■ The task
Of the entries below, return only those lines from the line with "Набор шайб плоских" to the line with "图4. 基于多物理场仿真的界", exactly, both included.

■ Source records
Start of Block

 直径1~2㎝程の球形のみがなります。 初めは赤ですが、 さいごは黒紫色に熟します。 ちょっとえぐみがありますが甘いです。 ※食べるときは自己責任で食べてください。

End of Block
Start of Block

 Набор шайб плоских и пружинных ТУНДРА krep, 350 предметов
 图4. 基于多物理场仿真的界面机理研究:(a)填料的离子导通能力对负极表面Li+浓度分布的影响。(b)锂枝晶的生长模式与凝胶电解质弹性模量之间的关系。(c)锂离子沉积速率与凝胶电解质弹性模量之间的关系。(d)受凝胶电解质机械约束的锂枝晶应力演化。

End of Block

■ Solution for this exercise
 Набор шайб плоских и пружинных ТУНДРА krep, 350 предметов
 图4. 基于多物理场仿真的界面机理研究:(a)填料的离子导通能力对负极表面Li+浓度分布的影响。(b)锂枝晶的生长模式与凝胶电解质弹性模量之间的关系。(c)锂离子沉积速率与凝胶电解质弹性模量之间的关系。(d)受凝胶电解质机械约束的锂枝晶应力演化。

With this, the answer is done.